- Box art
- Developers: Aprinet (programming) Varie
- Publisher: Varie
- Composer: Yusuke Takahama
- Series: Satoru Nakajima Formula One
- Platform: Sega Mega Drive
- Release: JP: December 11, 1992;
- Genre: Racing
- Mode: Single-player

= Nakajima Satoru Kanshū F1 Super License =

1992 video game

Nakajima Satoru Kanshū F1 Super License (中嶋悟監修 Ｆ１ スーパーライセンス) is a 1992 racing video game for the Sega Mega Drive that allows for either single season or exhibition modes of play. The object of the game is to acquire the championship for the 1992 Formula One season. There is an official FOCA license and uses a top-down view.

==Gameplay==
===General gameplay===
Players can choose from more than a dozen teams and more than twenty drivers as the overhead perspective of the game challenges even the most skilled driver. Every race has five laps for qualifying, practice, and the actual race itself. It is not possible for races to go for either less or more than five laps. Free runs can also be done; the same five-lap maximum applies to free runs in addition to the races. Satoru Nakajima endorsed the game but he does not appear in it as he had just retired from the sport. Unlike most Formula One video games, the player must qualify for a race in order to compete (this applies just to the GP game mode. The "SPOT" mode doesn't have qualifications). Failing to meet a target time means not being able to race (and ending up with an automatic score of zero points for that particular race). Players have the ability to race a 16-race season, provided they can qualify and score enough points, thus avoiding getting dropped by the team. At the end of the season, Satoru Nakajima appears to assess the player's driving skills.

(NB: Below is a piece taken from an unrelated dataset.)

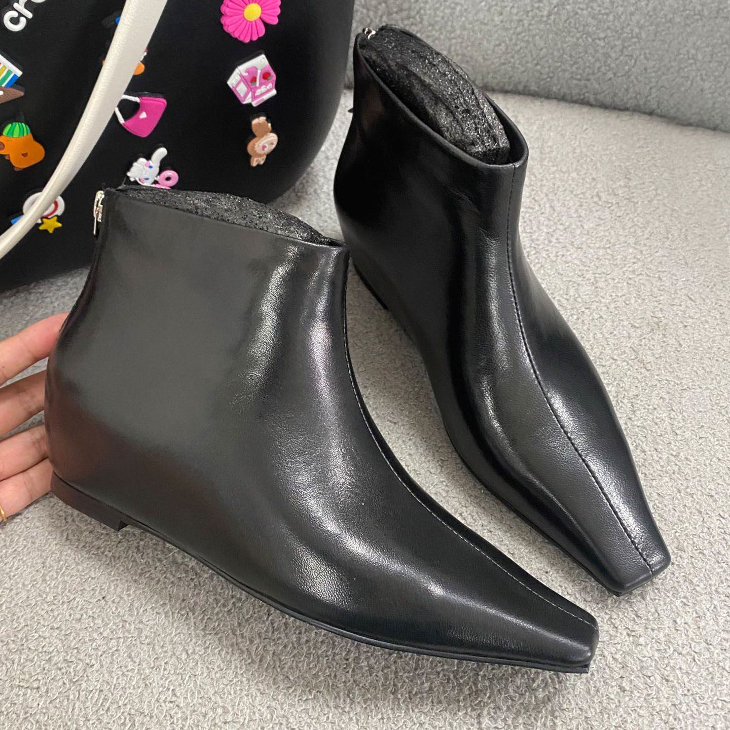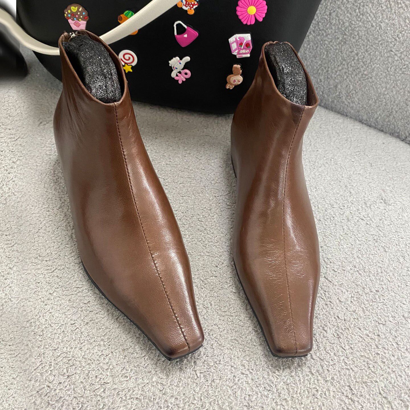 5厘米内增高方头短靴2025新款

===F1 Season constructors===
The game included all the teams that competed in the 1992 Formula One season. The changes in driver lineups weren't reflected, so the game featured the drivers who entered the most races.

Different cars had different handling and top-speed, reflecting the level of competitiveness showed in the 1992 World Championship, but choosing the 6-gears manual transmission boosted the top-speed of the car to 400 km/h while using the 'overtake button'.

===Scoring===
The Formula One points system as of the 1991 season, as it was in effect at the time of the game's publishing, is used. Only the top six earn points per race (10-6-4-3-2-1).